The MPAA represents 6 studios that produced about 15% of theatrical releases
last year. They only released 12 of the top 25 movies in theaters too. The
MPAA studios alone generate about $40 billion in revenue a year; I didn't try
to add up all the other studios, but you can imagine the total revenue is
enormous. What they spend lobbying for these laws is a pittance in comparison.

Total box office gross was $32 billion last year. Let's be generous and say
the MPAA got 50% of the box office sales despite having less than 50% of the
top movies. That leaves $24 billion in revenue from their films each year not
including the theater releases. That's $24 billion from physical discs,
licensing to cable providers, licensing to TV channels, licensing to premium
cable channels, licensing to the existing streaming services, etc.

If the MPAA studios launched a streaming service at $50 per month, this would
displace most of their revenue from other distribution models -- people would
buy far fewer DVDs and they simply wouldn't get the agreements with cable
networks, premium channels, etc. if customers can already get the movie from
this website a month after theater.

To make up for that revenue they would have to find 480 million subscribers at
$50. Do you think they can?
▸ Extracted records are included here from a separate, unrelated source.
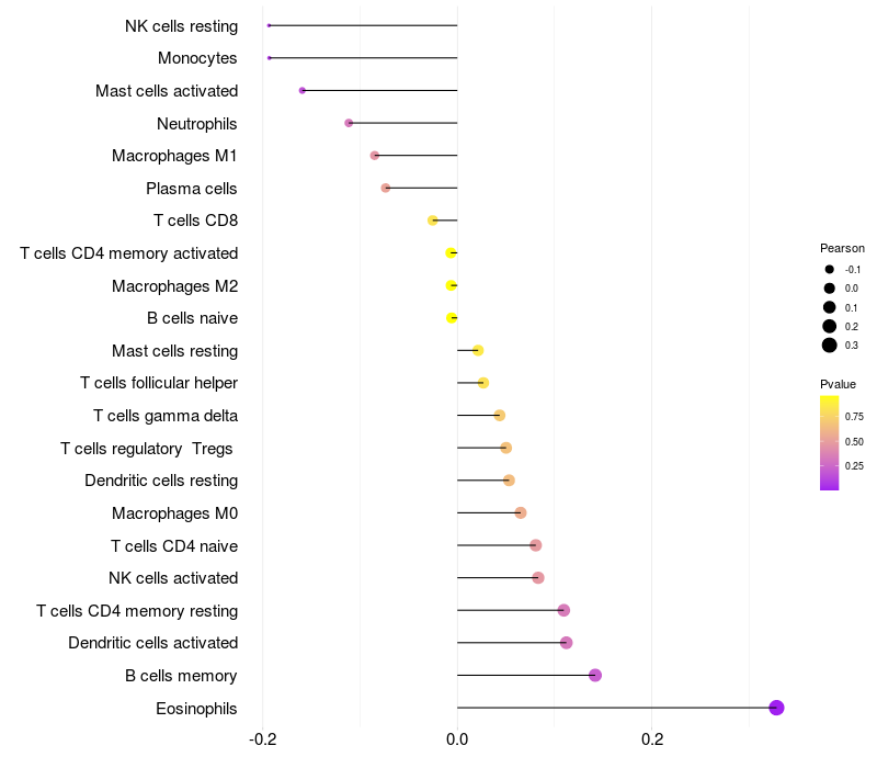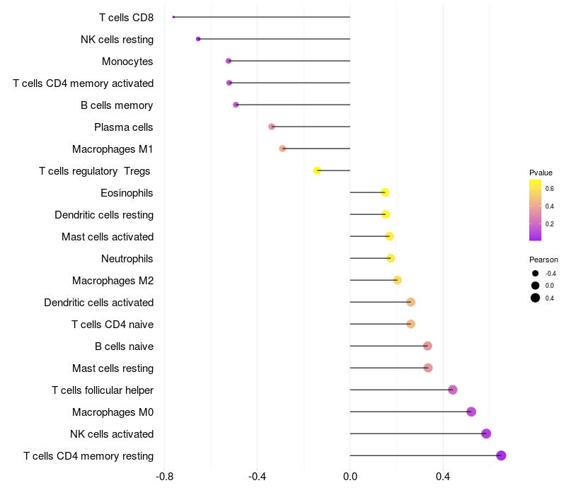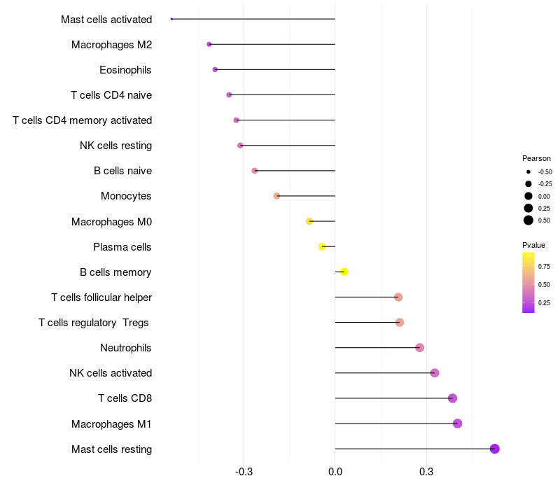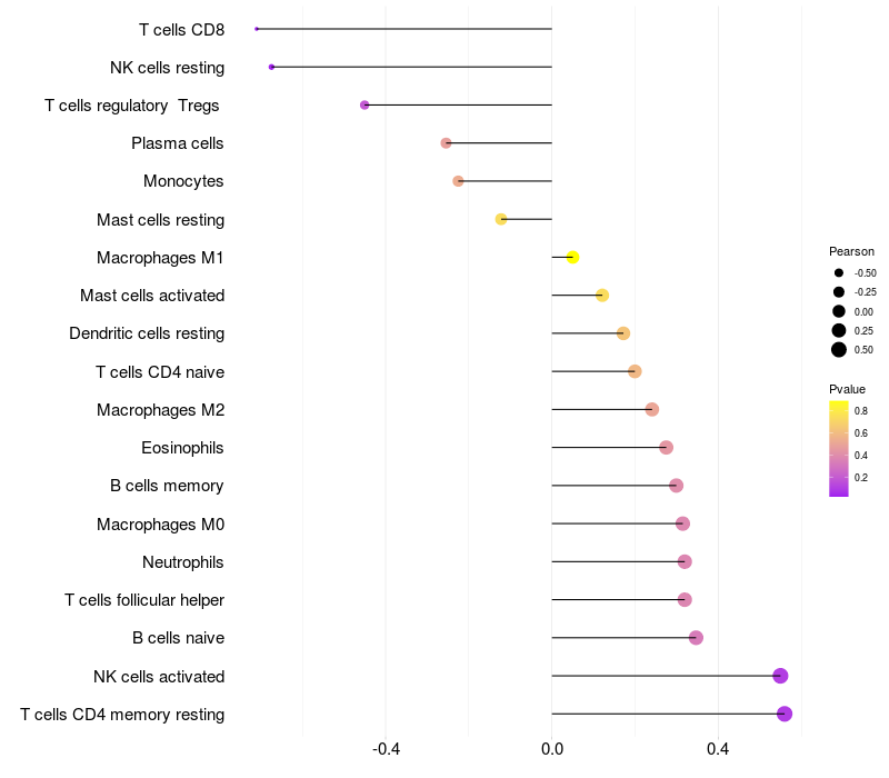 Lollipop of PHF20 expression and immune infiltrating cell level correlation result in HBV+ Chronic HBV (CHB) infection samples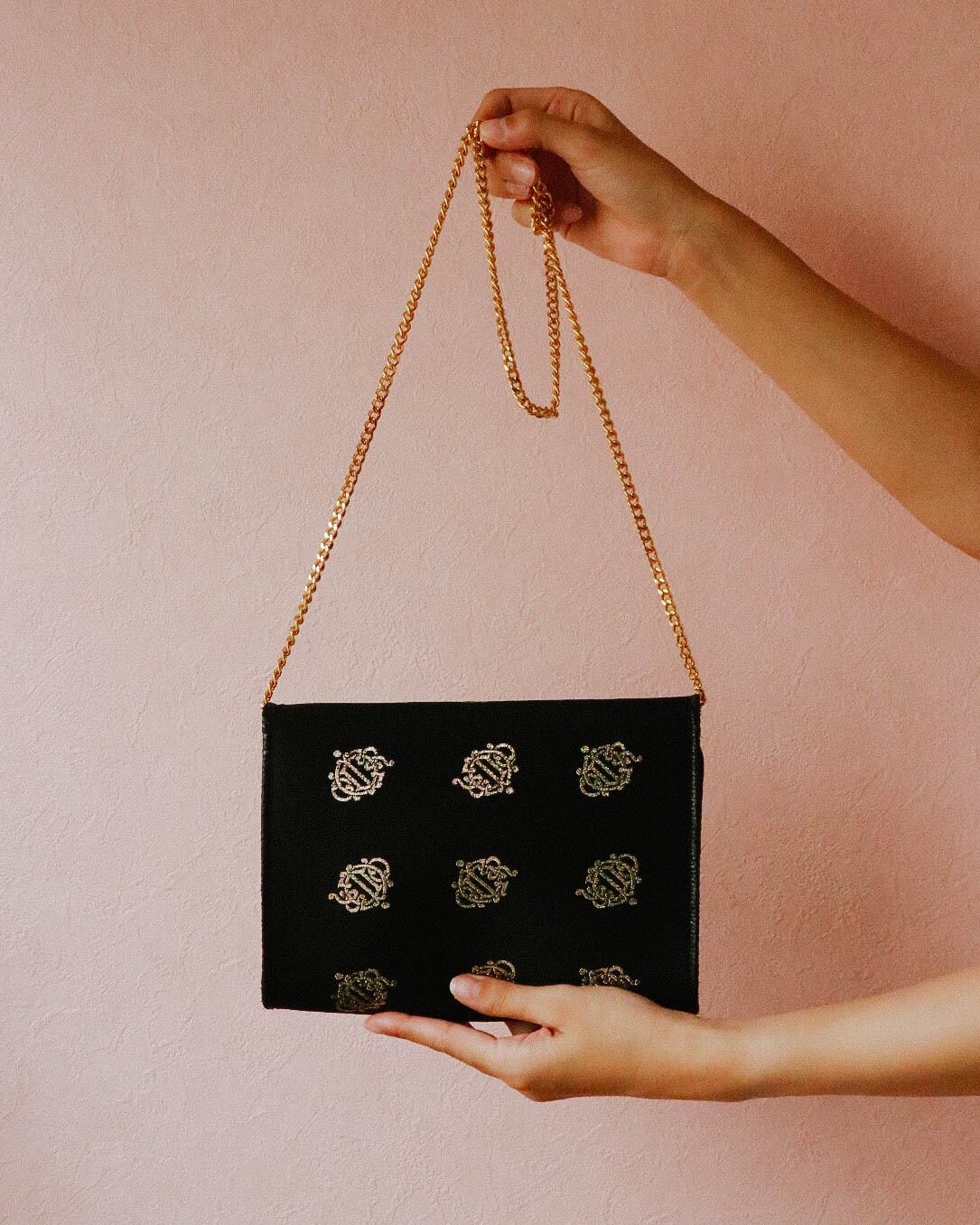 金ラメのロゴ総柄でゴージャスな雰囲気をもつデザイン。重くなりがちなチェーンバッグですが表素材がファブリックな分、軽量さもあり使い勝手良し。デイリーからパーティーシーンまで幅広く楽しみたい。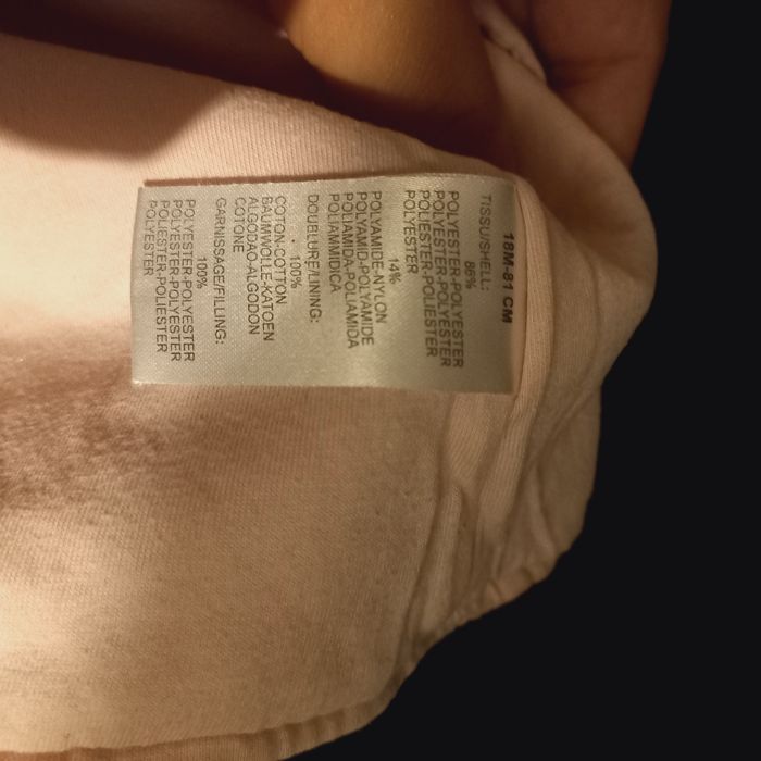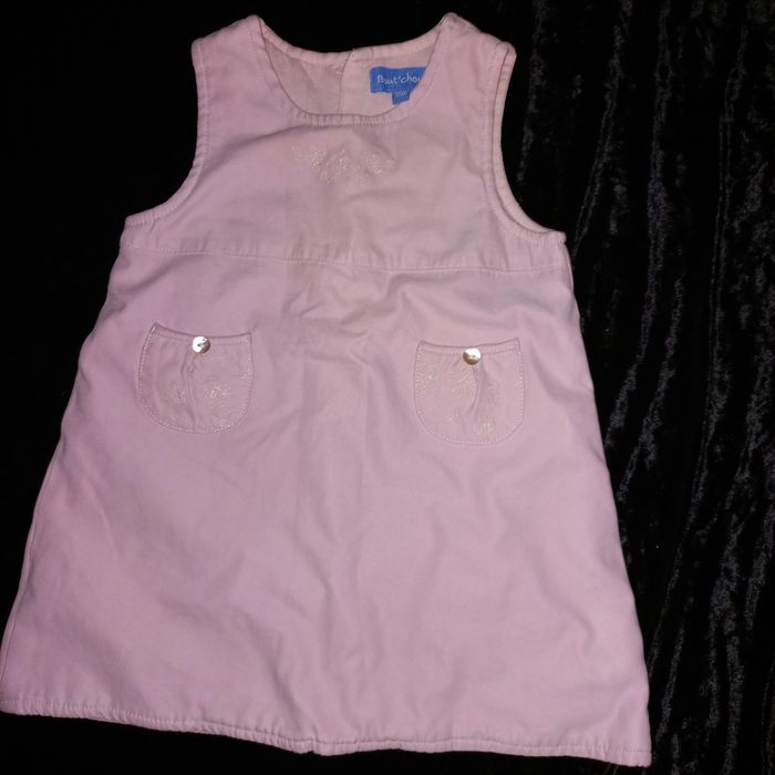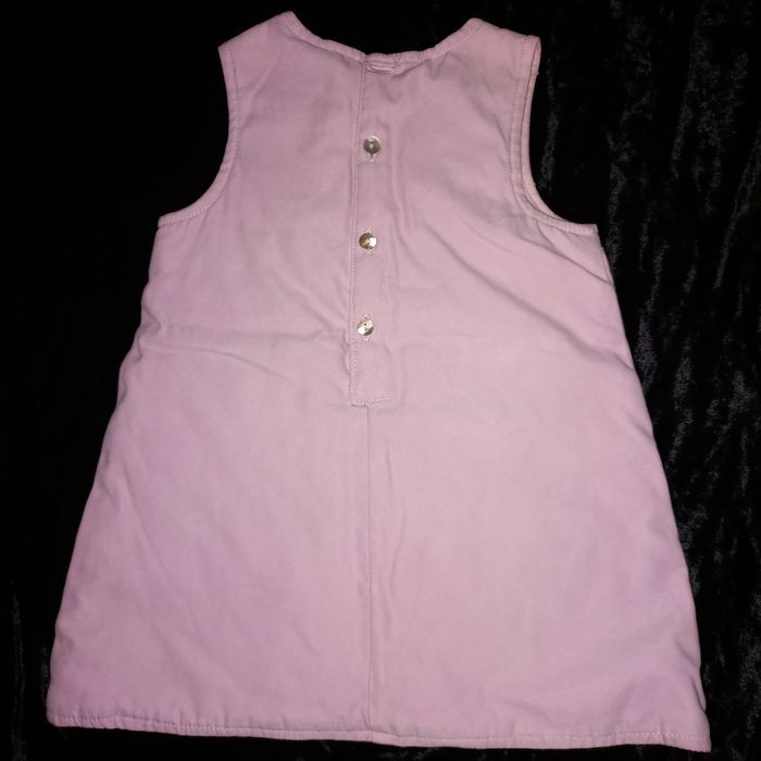 Robe pour enfant 18 mois, en très bon état, couleur violet clair, sans manches, 86 % polyester et 14% polyamide avec doublure 100% coton.

I doubt it at that price point; that's more than
most people spend on movie consumption across all channels now. Even if they
could do it, those 480 million subscribers would only replace the revenue of
the 6 MPAA studios, not the other 85% of the movie production market.

Whenever I see a "why don't they just give us what we want and stream
everything like Netflix" suggestion, I see "why don't these companies just
burn 85% of their profits", because that'd be about the same as far as their
financials go.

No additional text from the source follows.